Your CLIP is forced in FP32 - Why That Matters
Why is clip forced in FP32?
By default all major GUI use the CPU for handling CLIP
Forge Users currently the GUI is forcing GPU use and ignoring most user-line commands
Why does this matter
When the CLIP is loaded it has to be up-cast to FP32 and stored in RAM
An up-cast FP16 CLIP should have just been FP32 your loosing precision at the cost of 200MB for CLIP-L and 1.25GB for CLIP-G
What Should You Do?
Option One: Merge FP32 CLIP Models
You can merge FP32 CLIP into your favorite model, this increases model size but ensures better accuracy across the board. - This will not decrease IT's per second unless you have very low system ram.
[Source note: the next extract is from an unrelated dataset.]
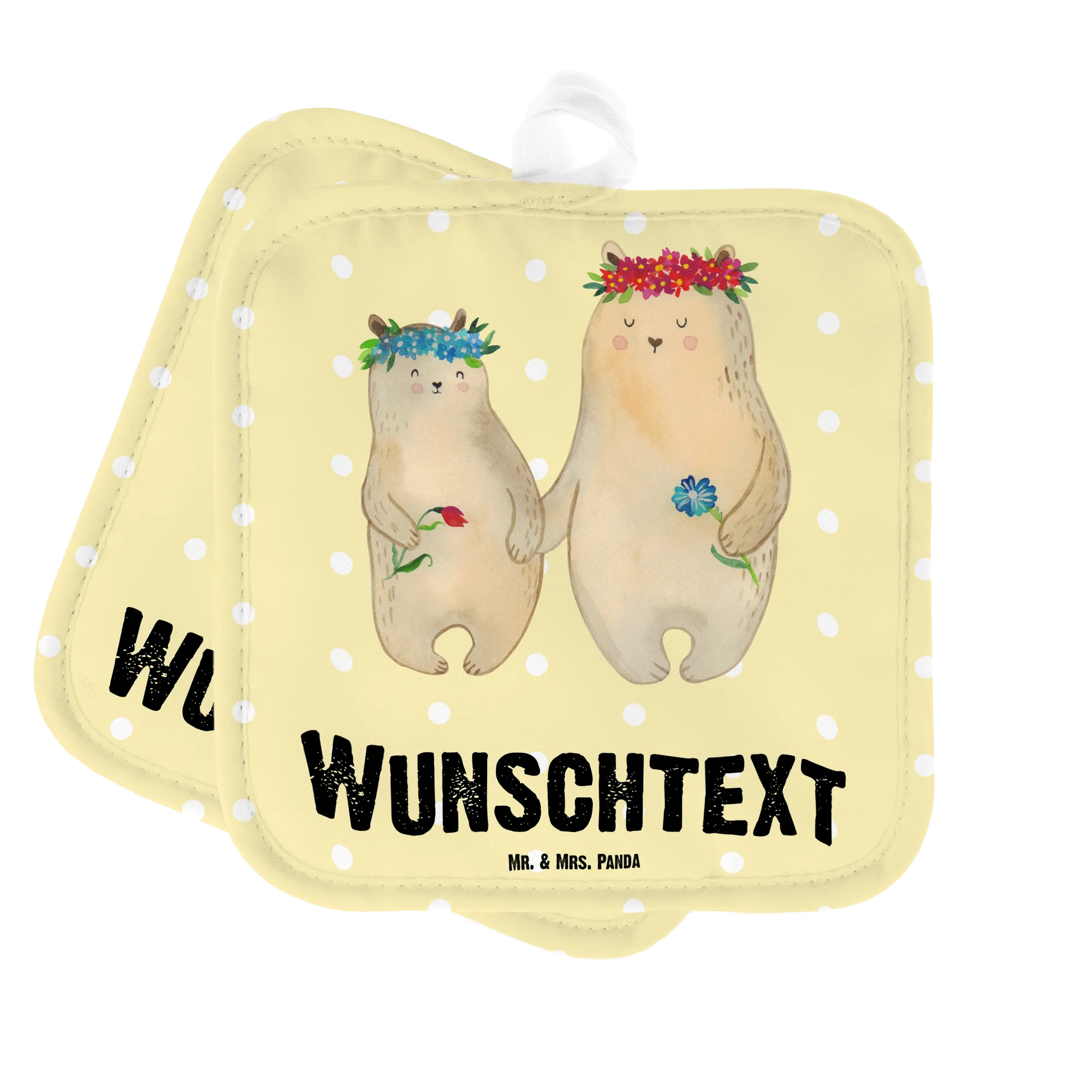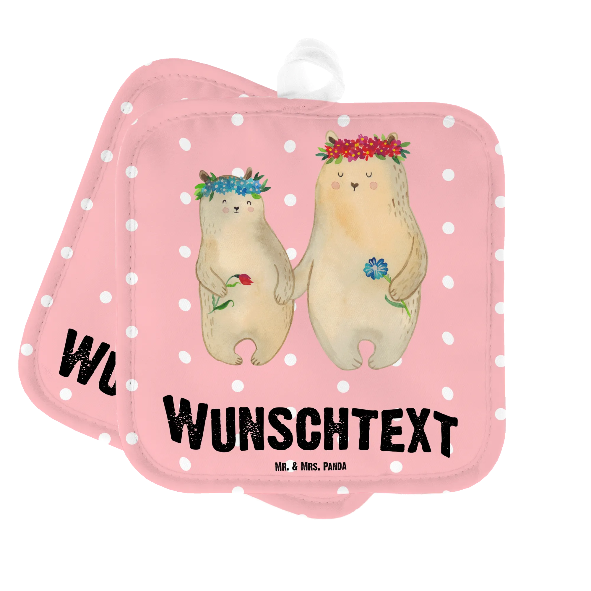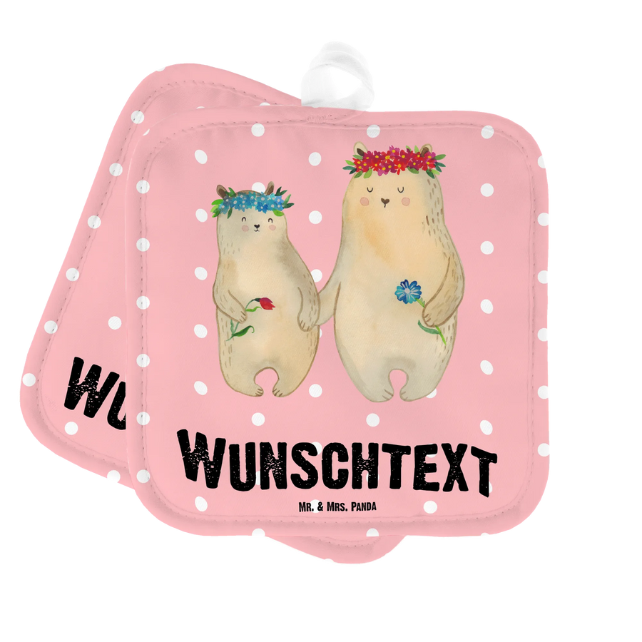Zwei personalisierte Topflappen „Bären mit Blumenkranz“ von Mr. & Mrs. Panda – liebevoll illustriert aus unserer Familien-Kollektion. Die beiden lächelnden Bären mit ihren bunten Blumenkränzen vermitteln Wärme, Zuneigung und pure Herzlichkeit. ❤️🐻🌸

Option Two: Force the GUI to Use VRAM
If you have sufficient GPU VRAM, you can configure the system to process CLIP in VRAM, if your going this route I would use BF16 for your CLIP
Forge:
--always-gpu (As of 12/30/2024 Forge Acts like this command is in use)
Comfy:
--gpu-only
Specific Commands for CLIP Optimization when on CPU
These commands ensure torch doesn't take your FP32 CLIP convert it to FP16 and up-cast it back to FP32 (Yes it can do that)
Forge:
--clip-in-fp32
Comfy:
--fp32-text-enc
Petition your favorite model creators
Petition your favorite model creators to at minimum make a mixed precision model with the FP16/BF16 UNET and CLIP/VAE in FP32 - This is simple to do and has no downside.
The CLIP model included with nearly all models on site is FP16. This was to reduce the model size and keep everything in VRAM. However this was before Torch updated its handling and allowed auto-casting and mixed precision models. So we can have a FP8, UNET with a FP32 CLIP (And even mixed precsion blocks in the same model)